[Opening The input section]

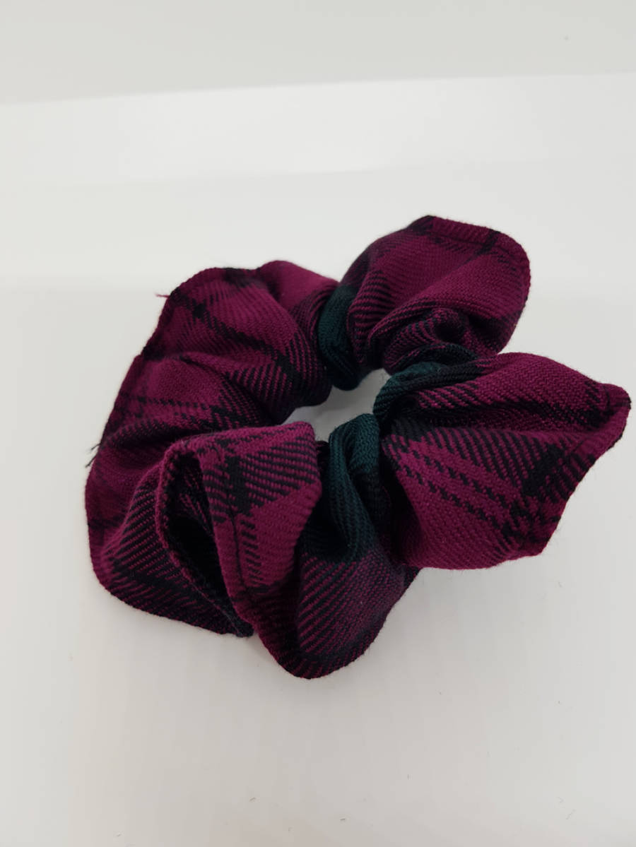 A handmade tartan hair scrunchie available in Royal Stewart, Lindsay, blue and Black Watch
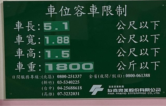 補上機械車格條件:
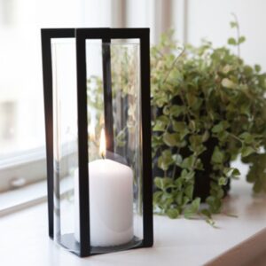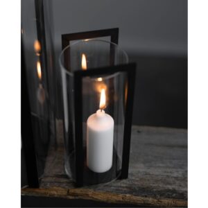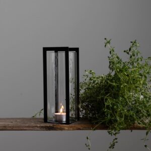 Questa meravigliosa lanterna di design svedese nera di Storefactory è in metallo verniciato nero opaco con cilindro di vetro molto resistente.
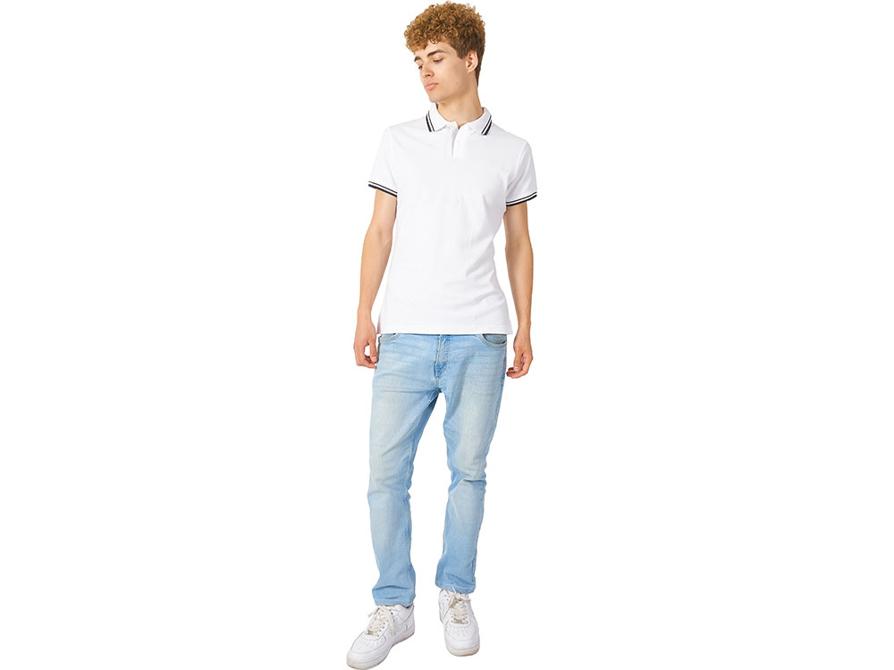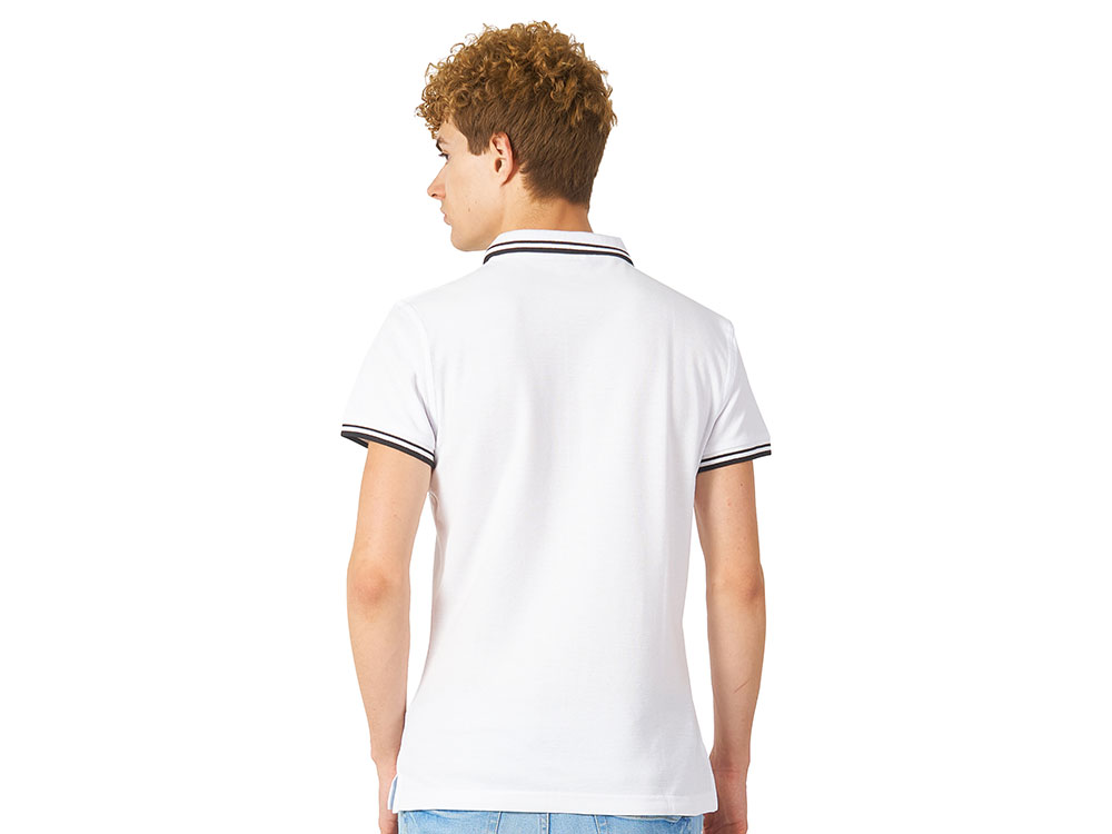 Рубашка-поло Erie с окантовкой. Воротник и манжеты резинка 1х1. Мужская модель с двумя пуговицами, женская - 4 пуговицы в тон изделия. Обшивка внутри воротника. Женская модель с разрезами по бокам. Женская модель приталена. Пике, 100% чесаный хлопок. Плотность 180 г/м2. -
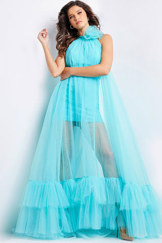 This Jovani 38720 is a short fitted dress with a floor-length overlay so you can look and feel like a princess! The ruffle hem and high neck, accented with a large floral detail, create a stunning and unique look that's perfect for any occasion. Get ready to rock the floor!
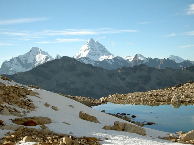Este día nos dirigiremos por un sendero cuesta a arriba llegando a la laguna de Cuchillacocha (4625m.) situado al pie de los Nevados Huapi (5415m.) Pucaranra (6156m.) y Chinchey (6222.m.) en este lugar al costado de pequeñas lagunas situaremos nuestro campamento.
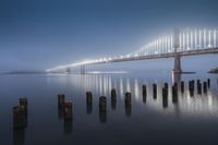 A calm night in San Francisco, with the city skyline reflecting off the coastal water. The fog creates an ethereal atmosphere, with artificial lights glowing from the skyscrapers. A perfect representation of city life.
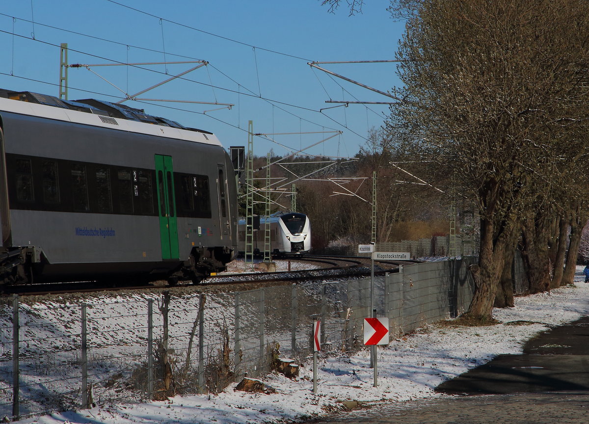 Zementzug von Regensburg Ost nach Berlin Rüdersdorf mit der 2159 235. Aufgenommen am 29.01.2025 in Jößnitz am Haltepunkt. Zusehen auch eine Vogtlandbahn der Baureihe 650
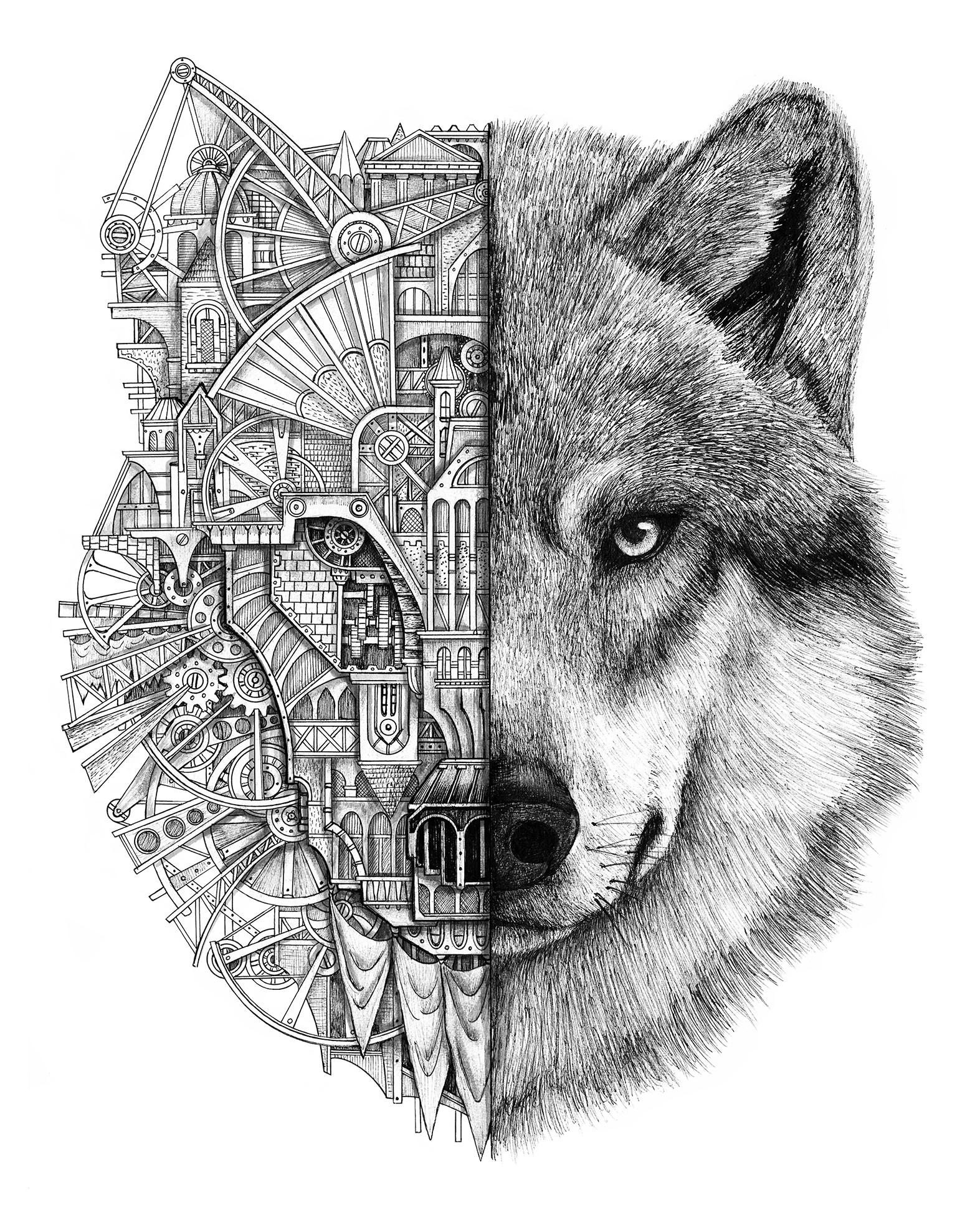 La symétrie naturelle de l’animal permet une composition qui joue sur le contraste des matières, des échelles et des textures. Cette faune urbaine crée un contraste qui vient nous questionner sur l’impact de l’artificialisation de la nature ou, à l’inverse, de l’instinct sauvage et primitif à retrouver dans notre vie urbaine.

[Closing The input section]

Your goal ▸ Each record above needs to be transcribed word for word, with its pictures omitted.

Output for this task ▸
 A handmade tartan hair scrunchie available in Royal Stewart, Lindsay, blue and Black Watch
 補上機械車格條件:
 Questa meravigliosa lanterna di design svedese nera di Storefactory è in metallo verniciato nero opaco con cilindro di vetro molto resistente.
 Рубашка-поло Erie с окантовкой. Воротник и манжеты резинка 1х1. Мужская модель с двумя пуговицами, женская - 4 пуговицы в тон изделия. Обшивка внутри воротника. Женская модель с разрезами по бокам. Женская модель приталена. Пике, 100% чесаный хлопок. Плотность 180 г/м2. -
 This Jovani 38720 is a short fitted dress with a floor-length overlay so you can look and feel like a princess! The ruffle hem and high neck, accented with a large floral detail, create a stunning and unique look that's perfect for any occasion. Get ready to rock the floor!
Este día nos dirigiremos por un sendero cuesta a arriba llegando a la laguna de Cuchillacocha (4625m.) situado al pie de los Nevados Huapi (5415m.) Pucaranra (6156m.) y Chinchey (6222.m.) en este lugar al costado de pequeñas lagunas situaremos nuestro campamento.
 A calm night in San Francisco, with the city skyline reflecting off the coastal water. The fog creates an ethereal atmosphere, with artificial lights glowing from the skyscrapers. A perfect representation of city life.
 Zementzug von Regensburg Ost nach Berlin Rüdersdorf mit der 2159 235. Aufgenommen am 29.01.2025 in Jößnitz am Haltepunkt. Zusehen auch eine Vogtlandbahn der Baureihe 650
 La symétrie naturelle de l’animal permet une composition qui joue sur le contraste des matières, des échelles et des textures. Cette faune urbaine crée un contraste qui vient nous questionner sur l’impact de l’artificialisation de la nature ou, à l’inverse, de l’instinct sauvage et primitif à retrouver dans notre vie urbaine.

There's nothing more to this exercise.